1.46 detailhandel in volumineuze goederen

detailhandel in de volgende categorieën:

  • a. detailhandel in brand- en explosiegevaarlijke goederen;
  • b. detailhandel in auto’s, boten, caravans, motoren, scooters, zwembaden, buitenspeelapparatuur, fitnessapparatuur, piano’s, surfplanken en tenten, grove bouwmaterialen en landbouwwerktuigen;
  • c. tuincentra;
  • d. bouwmarkten;
  • e. grootschalige meubelbedrijven , al dan niet - in ondergeschikte mate - in combinatie met woninginrichting en stoffering, en detailhandel in: keukens, badkamers, vloerbedekking, parket, zonwering en jacuzzi’s.
1.47 detailhandelsbedrijf

een bedrijf waar als hoofdactiviteit detailhandel plaatsvindt.

1.48 dienstverlening

het bedrijfsmatig verlenen van diensten, waarbij het publiek rechtstreeks (al dan niet via een balie) te woord wordt gestaan en geholpen, zoals bijvoorbeeld reis- en uitzendbureaus, kapsalons, pedicures, stomerijen, sleutel- en hakkenbars, wasserettes, makelaarskantoren en bankfilialen.

1.49 dwarskap

een kap loodrecht op de voorgevel (naar de straat gekeerde gevel).

1.50 erf

al dan niet bebouwd perceel, of een gedeelte daarvan, dat direct is gelegen bij een hoofdgebouw en dat in feitelijk opzicht is ingericht ten dienste van het gebruik van dat gebouw, en de bestemming deze inrichting niet verbiedt.

1.51 erker

een uitgebouwd gedeelte van een woning aan een gevel.

1.52 gebouw

elk bouwwerk, dat een voor mensen toegankelijke, overdekte, geheel of gedeeltelijk met wanden omsloten ruimte vormt.

1.53 glastuinbouwbedrijf

een bedrijf dat (nagenoeg) volledig is gericht op het telen van tuinbouwgewassen, waarbij de productie (nagenoeg) volledig plaatsvindt in kassen.

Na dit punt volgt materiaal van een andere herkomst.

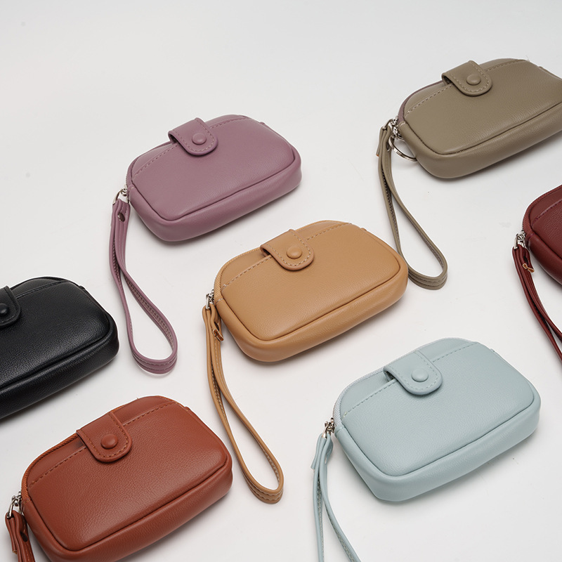- Features: Main zippered compartment for coins, cash, and tickets; external snap button pocket for quick access to cards; internal key ring for secure key storage; detachable wrist strap for hands-free carrying; high-quality zipper for added security.

1.54 glastuinbouwbedrijf (volwaardig)

een volwaardig glastuinbouwbedrijf biedt voldoende werkgelegenheid voor ten minste één arbeidskracht met een aanvaardbaar inkomen en voldoende continuiteit in de bedrijfsvoering op lange termijn.

1.55 groothandelsbedrijf

een bedrijf dat gericht is op het bedrijfsmatig te koop aanbieden, waaronder begrepen de uitstalling ten verkoop, het verkopen en/of afleveren van goederen aan wederverkopers, dan wel aan instellingen of personen, ter aanwending in een andere bedrijfsactiviteit .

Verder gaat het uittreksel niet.